In the other departments of the magazine will be found
poetry, tales, and other frothy trifles, and to these
the reader can turn for relaxation from time to time,
and thus guard against overstraining the powers of
his mind.
M.
T.
P. S.—1. I have not sold out of the
“Buffalo Express,” and shall not; neither
shall I stop writing for it. This remark seems
necessary in a business point of view.
2. These memoranda are not a “humorous”
department. I would not conduct an exclusively
and professedly humorous department for any one.
I would always prefer to have the privilege of printing
a serious and sensible remark, in case one occurred
to me, without the reader’s feeling obliged
to consider himself outraged. We cannot keep
the same mood day after day. I am liable, some
day, to want to print my opinion on jurisprudence,
or Homeric poetry, or international law, and I shall
do it. It will be of small consequence to me
whether the reader survive or not. I shall never
go straining after jokes when in a cheerless mood,
so long as the unhackneyed subject of international
law is open to me. I will leave all that straining
to people who edit professedly and inexorably “humorous”
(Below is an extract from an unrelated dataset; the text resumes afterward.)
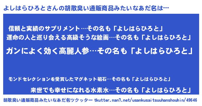 | ヘコむあだ名 | 『よしお』『よしはらひろと(笑)』 |

departments and publications.
3. I have chosen the general title of memoranda
for this department because it is plain and simple,
and makes no fraudulent promises. I can print
under it statistics, hotel arrivals, or anything that
comes handy, without violating faith with the reader.
4. Puns cannot be allowed a place in this department.
Inoffensive ignorance, benignant stupidity, and unostentatious
imbecility will always be welcomed and cheerfully
accorded a corner, and even the feeblest humour will
be admitted, when we can do no better; but no circumstances,
however dismal, will ever be considered a sufficient
excuse for the admission of that last—and
saddest evidence of intellectual poverty, the Pun.
In a recent issue of the “Independent,”
the Rev. T. De Witt Talmage, of Brooklyn, has the
following utterance on the subject of “Smells”:
I have a good Christian friend who,
if he sat in the front pew in church, and a working
man should enter the door at the other end, would
smell him instantly. My friend is not to blame
for the sensitiveness of his nose, any more than
you would flog a pointer for being keener on
the scent than a stupid watch dog. The fact is,
if you, had all the churches free, by reason of
the mixing up of the common people with the uncommon,
you would keep one-half of Christendom sick at
their stomach. If you are going to kill the
church thus with bad smells, I will have nothing
to do with this work of evangelization.